Маруся, не найдя стула, сначала стояла возле двери, потом, чтобы получше слышать слова Эллы Ивановны, слегка заглушаемые музыкой, передвинулась вдоль стены и села на пол, подобрав под себя колени. Она из лекций Рабенек уже знала и про античную скульптуру, и про барельефы, и про внутреннюю логику жеста, но сейчас у нее просто все тело томилось, так хотелось ее рукам, ногам, спине жить под музыку, скакать, прыгать, выражаться бессловесно.
Тем временем натянули канат и Рабенек сама поднялась на сцену. Она махнула рукой таперше и сказала одно неизвестное Марусе слово и – Скрябина, пожалуйста! И заиграла другая, совсем новая музыка. Элла Ивановна перепрыгнула через канат – странным медлительным движением, как будто перекатилась через него. И все начали прыгать – но не упуская при этом звучащей музыки. Потом учительница попросила убрать музыку – теперь каждый работает со своим собственным ритмом.
– Ищем, ищем свой ритм, свой собственный ритм!
И все поскакали по сцене, беспорядочно и совместно, а Маруся стащила с себя ботики и пошла скакать со всеми…
– Отлично! Отлично! Вот актерская жилка! – похвалила Элла Ивановна Марусю, и та вся наполнилась силой и легкостью и скакала со всеми до перерыва.
В перерыве Элла Ивановна подошла к Марусе:
– В переодевальной комнате вам кто-нибудь из наших учениц даст хитон, вы можете продолжать с нами занятия.

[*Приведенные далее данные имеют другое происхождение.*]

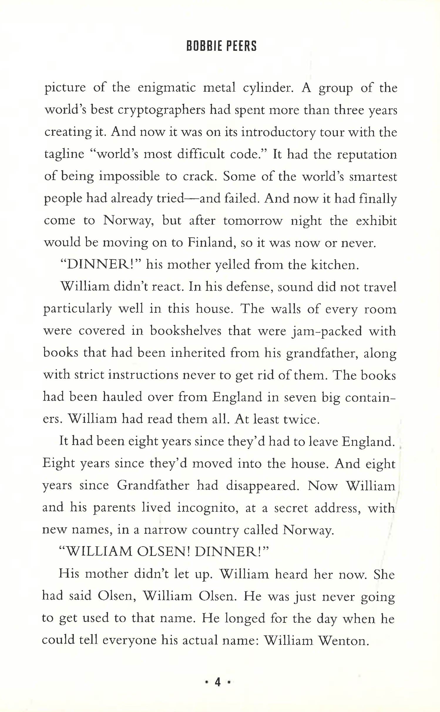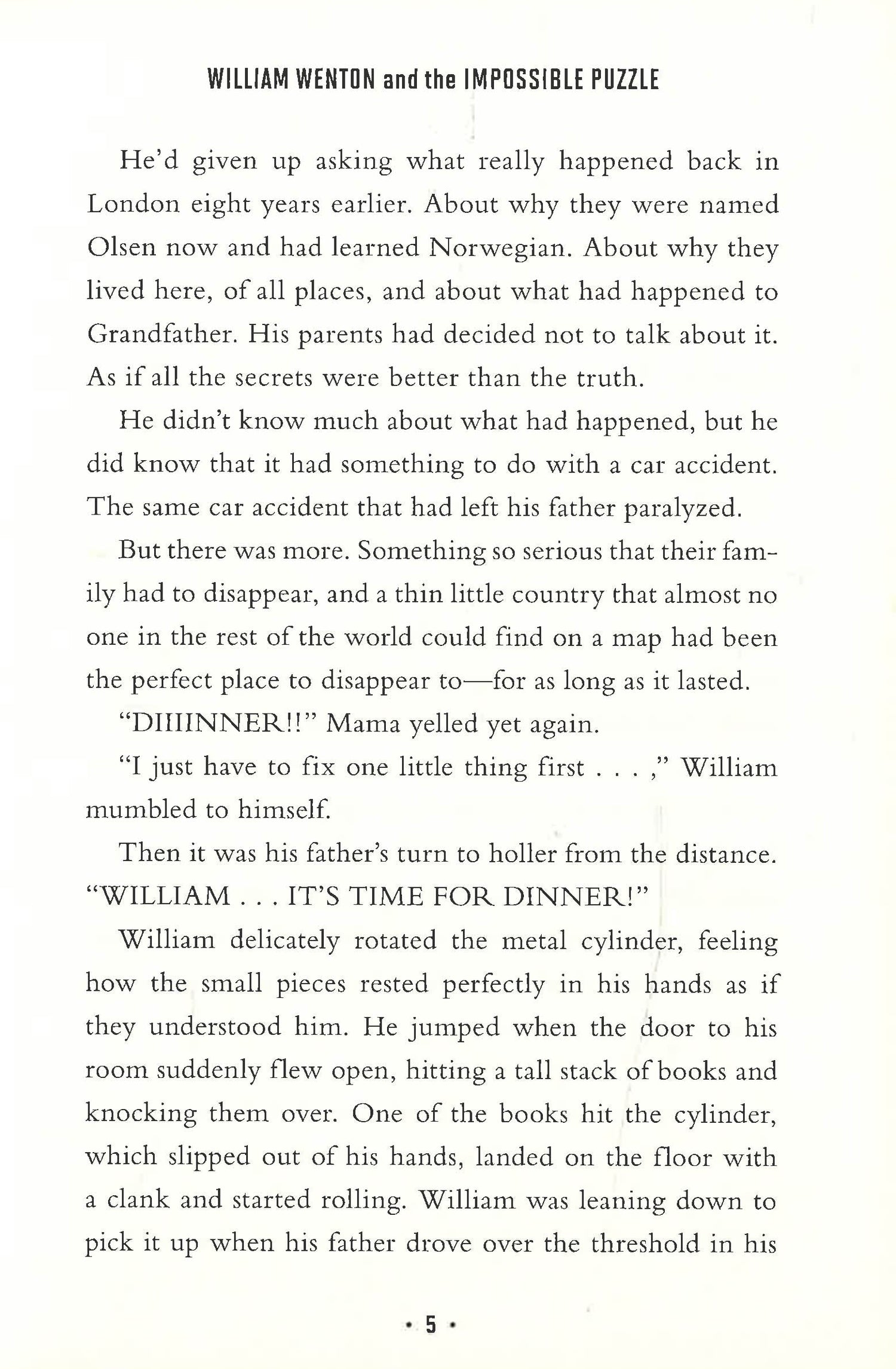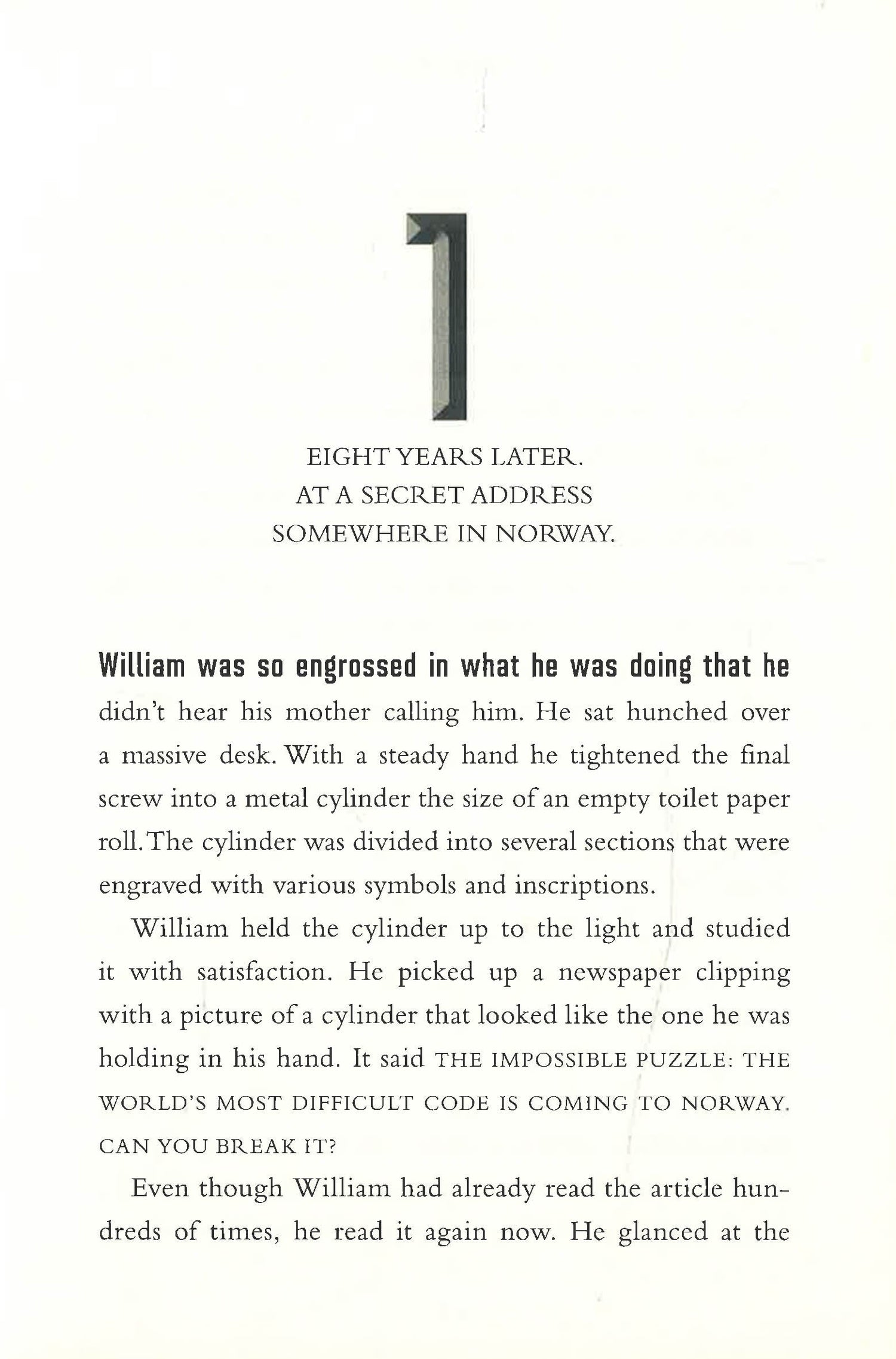 Twelve-year-old William Wenton is a puzzle-solving genius. He lives with his family in a quiet Norwegian town. They used to live in England, but eight years ago his family suddenly packed up, moved away, and even changed their last name! Neither of his parents will offer an explanation or tell William why he has to keep his talent for solving codes and puzzles a secret. But then a special exhibit comes to the local museum: the Impossible Puzzle. The experts say it is unsolvable, but William’s sure that he can crack it if he gets a chance.However, when he does, everything begins to go wrong. Suddenly William is whisked off to a strange school filled with robots and kids whose skills are almost as good as his own. But what’s really going on? And what’s the secret involving William’s grandfather? And is there anyone he can trust?

В тот же вечер Маруся написала письмо Якову. Она сообщила, что успешно прошла испытания, что с осени будет заниматься в студии Рабенек, что надо сделать все возможное, чтобы перебраться в Москву, потому что она уверена: их будущая жизнь связана с Москвой…
Это было первое из писем той обширной переписки, которая длилась двадцать пять лет, а потом в тщательно упакованном свертке пролежала в ивовом сундуке в коммуналке на Поварской еще двадцать пять лет, и теперь, после смерти Маруси, переехала на Никитский бульвар и лежала у ее внучки Норы, ожидая прочтения.